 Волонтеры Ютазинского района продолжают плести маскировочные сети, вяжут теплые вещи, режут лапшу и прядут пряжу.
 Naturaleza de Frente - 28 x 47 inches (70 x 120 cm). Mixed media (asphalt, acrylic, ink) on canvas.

---

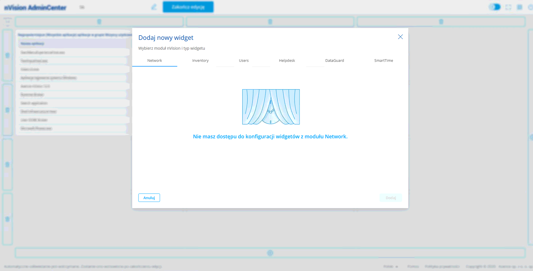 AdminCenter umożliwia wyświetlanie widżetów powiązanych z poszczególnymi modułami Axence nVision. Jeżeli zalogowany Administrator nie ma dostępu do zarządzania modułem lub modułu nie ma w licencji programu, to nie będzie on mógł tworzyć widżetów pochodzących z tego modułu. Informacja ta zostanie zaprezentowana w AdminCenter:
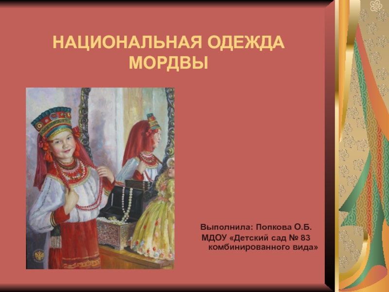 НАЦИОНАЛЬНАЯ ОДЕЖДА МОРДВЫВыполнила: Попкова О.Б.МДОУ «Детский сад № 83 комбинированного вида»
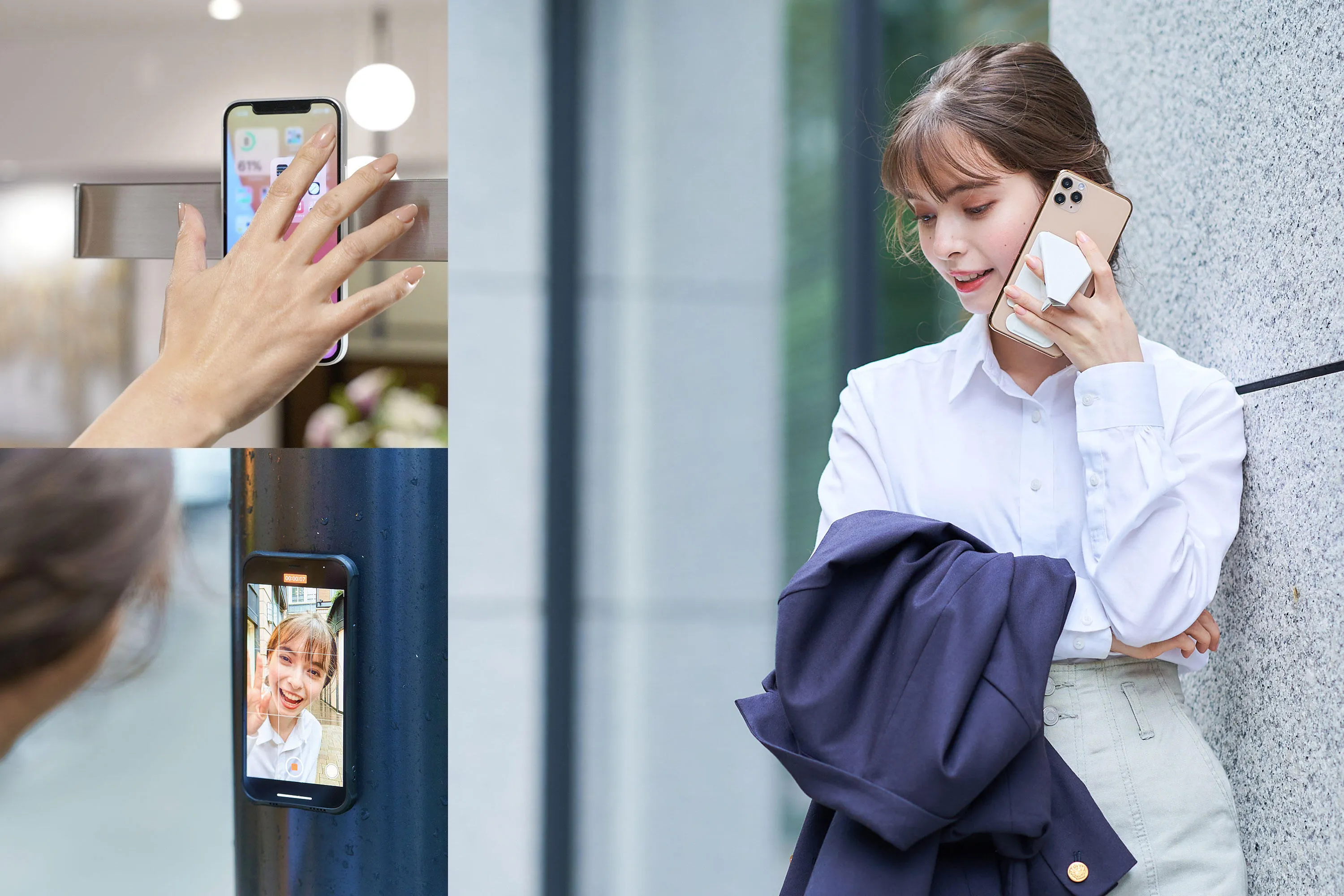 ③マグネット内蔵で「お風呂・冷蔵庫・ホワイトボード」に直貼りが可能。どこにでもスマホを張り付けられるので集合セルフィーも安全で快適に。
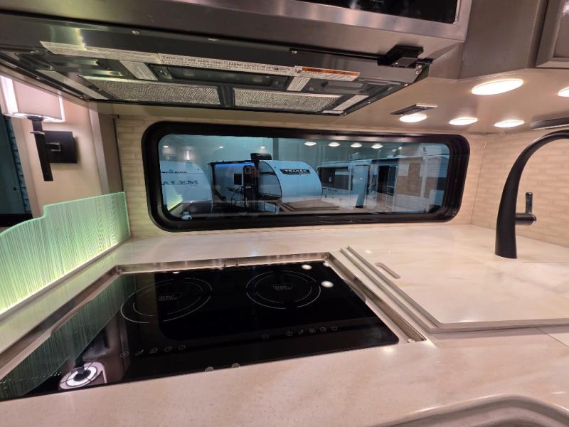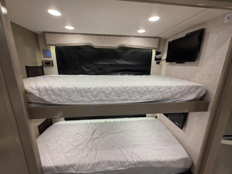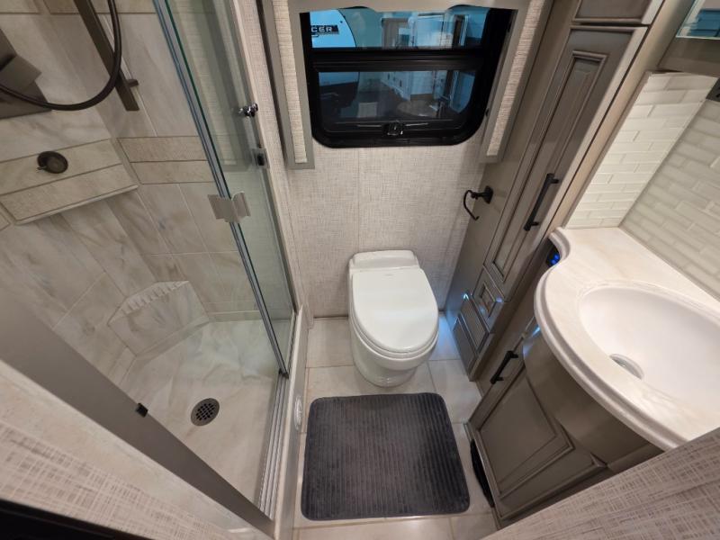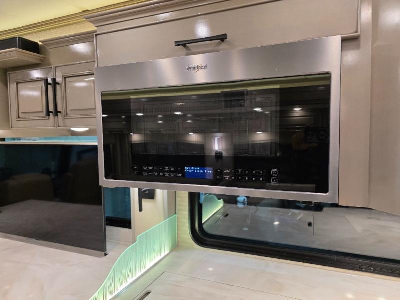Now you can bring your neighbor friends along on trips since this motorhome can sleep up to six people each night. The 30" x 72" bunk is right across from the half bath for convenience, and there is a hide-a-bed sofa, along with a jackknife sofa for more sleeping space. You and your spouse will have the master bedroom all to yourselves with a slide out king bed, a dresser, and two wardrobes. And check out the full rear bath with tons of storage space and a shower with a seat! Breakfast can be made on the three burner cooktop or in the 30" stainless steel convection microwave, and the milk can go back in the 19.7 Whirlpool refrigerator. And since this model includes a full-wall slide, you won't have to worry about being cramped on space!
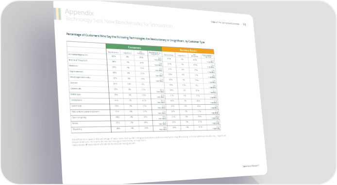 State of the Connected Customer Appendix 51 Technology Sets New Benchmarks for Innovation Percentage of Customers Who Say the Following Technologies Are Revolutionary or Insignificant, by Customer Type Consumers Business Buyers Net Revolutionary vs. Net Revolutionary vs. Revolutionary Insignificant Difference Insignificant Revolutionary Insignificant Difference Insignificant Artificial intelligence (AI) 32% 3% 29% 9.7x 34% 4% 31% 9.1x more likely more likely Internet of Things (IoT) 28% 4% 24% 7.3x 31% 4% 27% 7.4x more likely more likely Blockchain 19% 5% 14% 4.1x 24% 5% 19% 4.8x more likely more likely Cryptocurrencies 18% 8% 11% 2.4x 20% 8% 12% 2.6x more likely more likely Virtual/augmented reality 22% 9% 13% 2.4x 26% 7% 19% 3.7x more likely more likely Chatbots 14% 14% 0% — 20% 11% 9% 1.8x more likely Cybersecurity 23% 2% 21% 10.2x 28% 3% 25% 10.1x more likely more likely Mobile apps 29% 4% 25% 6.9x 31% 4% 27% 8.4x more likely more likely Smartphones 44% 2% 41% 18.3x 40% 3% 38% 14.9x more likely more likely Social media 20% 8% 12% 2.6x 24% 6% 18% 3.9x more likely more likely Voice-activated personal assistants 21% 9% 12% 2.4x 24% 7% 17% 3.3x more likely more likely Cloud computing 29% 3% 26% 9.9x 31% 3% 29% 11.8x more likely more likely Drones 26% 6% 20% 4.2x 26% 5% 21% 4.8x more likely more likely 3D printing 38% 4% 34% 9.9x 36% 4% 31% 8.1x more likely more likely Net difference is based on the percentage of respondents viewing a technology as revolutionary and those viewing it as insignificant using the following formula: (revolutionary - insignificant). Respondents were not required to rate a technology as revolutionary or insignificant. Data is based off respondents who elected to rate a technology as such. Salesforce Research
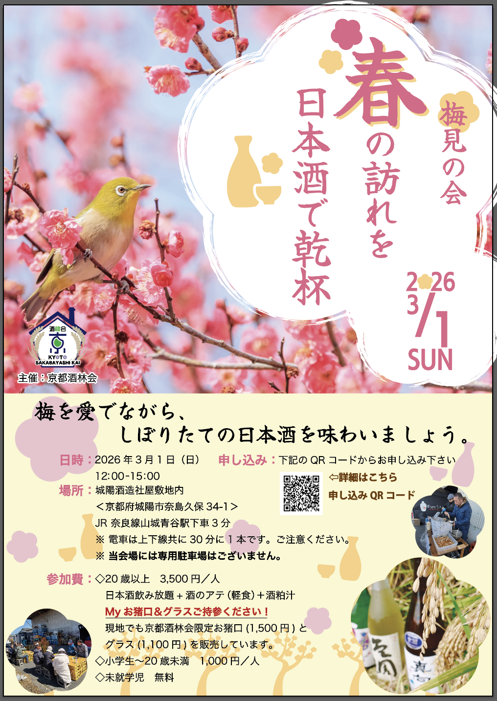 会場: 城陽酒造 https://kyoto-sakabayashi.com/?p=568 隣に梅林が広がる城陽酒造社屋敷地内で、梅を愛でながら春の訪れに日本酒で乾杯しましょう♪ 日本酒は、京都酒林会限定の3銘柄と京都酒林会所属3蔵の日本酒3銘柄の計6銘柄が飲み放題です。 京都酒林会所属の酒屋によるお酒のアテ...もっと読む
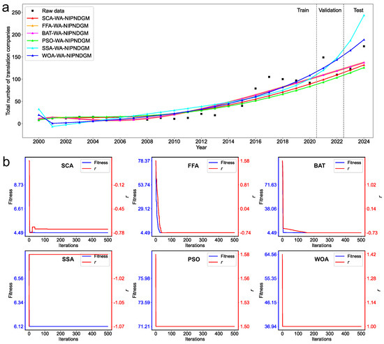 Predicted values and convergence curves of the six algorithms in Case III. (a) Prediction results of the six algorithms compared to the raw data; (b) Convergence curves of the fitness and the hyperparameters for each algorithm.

* * *

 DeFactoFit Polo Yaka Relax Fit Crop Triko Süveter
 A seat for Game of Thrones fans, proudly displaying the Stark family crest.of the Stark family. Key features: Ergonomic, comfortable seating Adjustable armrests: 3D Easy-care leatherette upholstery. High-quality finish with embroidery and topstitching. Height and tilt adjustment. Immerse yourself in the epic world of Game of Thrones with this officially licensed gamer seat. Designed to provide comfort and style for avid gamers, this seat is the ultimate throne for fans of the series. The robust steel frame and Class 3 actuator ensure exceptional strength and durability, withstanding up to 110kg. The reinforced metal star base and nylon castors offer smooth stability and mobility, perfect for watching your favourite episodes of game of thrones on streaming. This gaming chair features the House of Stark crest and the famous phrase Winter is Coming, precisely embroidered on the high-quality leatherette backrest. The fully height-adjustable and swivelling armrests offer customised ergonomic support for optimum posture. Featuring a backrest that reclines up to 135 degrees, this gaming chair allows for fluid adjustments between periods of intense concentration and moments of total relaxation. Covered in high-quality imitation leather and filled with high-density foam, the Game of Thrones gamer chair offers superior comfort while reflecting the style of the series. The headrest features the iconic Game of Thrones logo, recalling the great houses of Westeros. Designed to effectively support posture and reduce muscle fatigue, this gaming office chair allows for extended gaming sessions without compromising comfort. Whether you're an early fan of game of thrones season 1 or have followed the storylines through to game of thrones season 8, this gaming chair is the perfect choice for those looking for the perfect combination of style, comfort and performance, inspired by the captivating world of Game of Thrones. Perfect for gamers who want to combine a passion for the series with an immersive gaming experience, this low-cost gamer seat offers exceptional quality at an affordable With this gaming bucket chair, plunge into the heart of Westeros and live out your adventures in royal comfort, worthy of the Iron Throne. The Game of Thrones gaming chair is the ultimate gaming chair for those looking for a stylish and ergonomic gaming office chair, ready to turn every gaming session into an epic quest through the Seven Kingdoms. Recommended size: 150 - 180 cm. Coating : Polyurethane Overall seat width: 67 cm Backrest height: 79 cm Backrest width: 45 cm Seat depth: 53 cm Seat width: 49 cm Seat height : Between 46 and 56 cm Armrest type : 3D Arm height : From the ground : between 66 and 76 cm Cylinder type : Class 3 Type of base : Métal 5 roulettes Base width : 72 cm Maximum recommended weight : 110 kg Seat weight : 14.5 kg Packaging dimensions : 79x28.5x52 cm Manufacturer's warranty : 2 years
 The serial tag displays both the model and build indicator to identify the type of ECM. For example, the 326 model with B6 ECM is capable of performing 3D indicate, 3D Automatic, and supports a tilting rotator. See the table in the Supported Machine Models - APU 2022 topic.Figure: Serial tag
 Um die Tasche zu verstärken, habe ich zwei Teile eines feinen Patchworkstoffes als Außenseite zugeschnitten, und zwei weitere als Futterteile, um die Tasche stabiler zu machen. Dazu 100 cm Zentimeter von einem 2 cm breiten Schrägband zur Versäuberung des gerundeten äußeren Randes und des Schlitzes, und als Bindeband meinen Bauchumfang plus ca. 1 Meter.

> _PROBLEM STATEMENT_
From the listing above, return the lines starting at the one with "Волонтеры Ютазинского района" and ending at the one with "Naturaleza de Frente", both kept, exactly as they appear and nothing more.

> _COMPLETED TASK_
 Волонтеры Ютазинского района продолжают плести маскировочные сети, вяжут теплые вещи, режут лапшу и прядут пряжу.
 Naturaleza de Frente - 28 x 47 inches (70 x 120 cm). Mixed media (asphalt, acrylic, ink) on canvas.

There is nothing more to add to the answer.